After a seconds silence, murmurs spread through the hall. Just like the year before, the hat had spoken of unity. It was rumoured that it did this whenever Hogwarts was threatened. The sorting was quickly finished and the first years stumbled to their house tables with looks of awe upon their faces. Then Dumbledore stood up.

"Welcome, all. Before we begin our feast, I would like to introduce Professor Battye, the new teacher of Defence Against the Dark Arts. Professor... oh, someone wake up Professor Battye, please."

The wrinkled gentleman was quietly shaken awake. "Hmm? Ah, yes, root of snapdragon can also be used to ward off rebel pixies. Little-known fact, that." He then fell back asleep.

"Ah," said Dumbledore, "Our esteemed professor appears to have had a long journey.

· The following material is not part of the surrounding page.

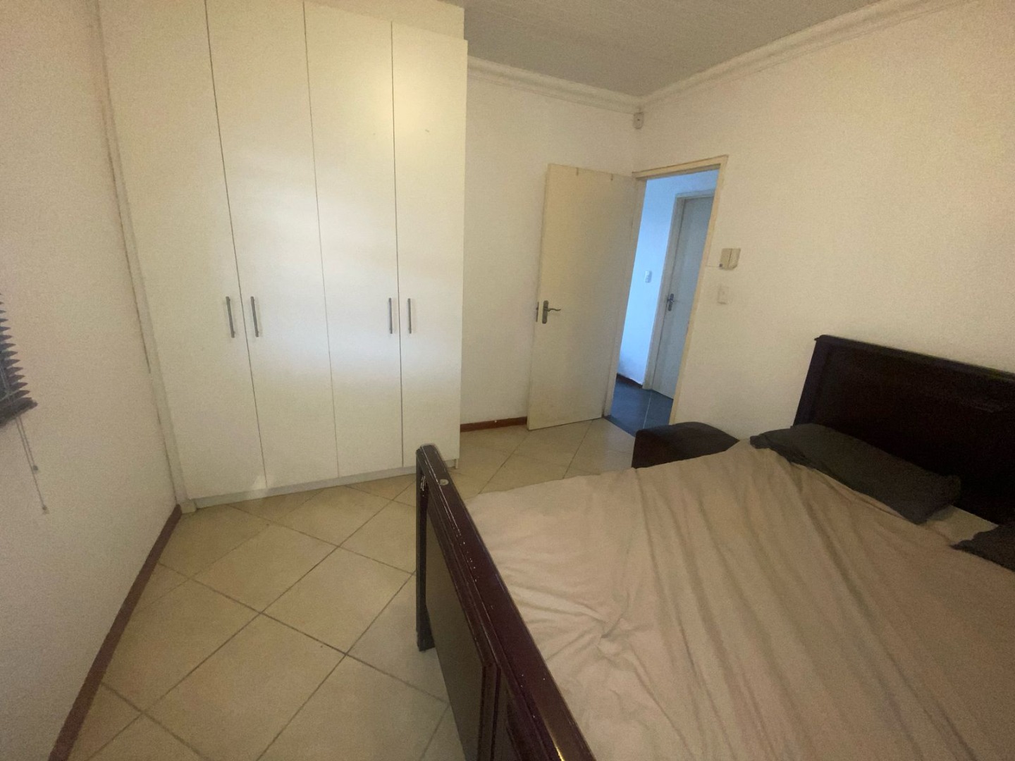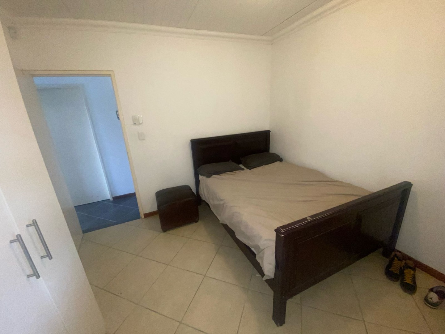 This house has two bedrooms with built in cupboards and the floors are tiled.

Fortunately for those who need to catch up after last years... events, he is, when awake, a walking encyclopaedia of obscure Defence facts. To assist him in the practical application of his knowledge, we also have a student teacher this year."

A second wave of whispers spread through the hall. A student teacher?

"We've never had one of those before!" Harry whispered. "I didn't even know Wizards had them!"

"That must be who the empty chair is for!" Hermione said.

Dumbledore motioned for silence. "Samantha Malory Daniels is going to be Student Teacher of DADA this year, and she is due any minute now..."

With this everyone turned to stare at the doors, which, as if in response to their curiosity, swung open...

There, framed in the light of the candles, was a young woman dressed in black. Her cloak and her black hair streamed out behind her, and her violet eyes flashed mysteriously as half the male population of Hogwarts fell in love with her instantly.

"What is that thing on her shoulder?" Whispered Hermione to Ron, who clicked his jaw back into place and said: "Uh? What- oh, that. Uh..."

"Ah, this appears to be her," Dumbledore said smoothly, "Welcome, Ms Daniels, please come up and have a seat. We are about to start dinner."

She walked through the hall without glancing at the students, although the... thing, on her shoulder, was looking around curiously. As she passed their table Hermione said "I think it's a Salamander, a black one. Only it has wings..."

Suddenly the witch turned towards the Gryffindor table. Apparently she had better ears than most. "It's called Muesli," she said, smiling briefly, which caused most of the male jaws at the table to drop yet again. Then she went and sat down, and food appeared on the tables. A buzz of conversation began to rise.

"Wow," Harry breathed. "I mean... wow!"

"I agree with you totally," said Ron appreciatively.

Hermione sniffed disapprovingly. "She is a teacher, you know."

"Admit you're jealous, though," said Lavender. "Look at her hair!"

Hermione sighed.

Over at the Slytherin table, Blaise Zabini grinned and nudged his friend. "She's a looker, ay Draco? Know her?"

Draco Malfoy raised an eyebrow at him. "Why?"

"Well, you know. She looks a bit... dark. I mean... I thought... yor dad... uh...?"

There was silence. The air twanged.

"Um."

The rest of the table looked awkward and studiously ignored the imprint Blaise's face made in the pie.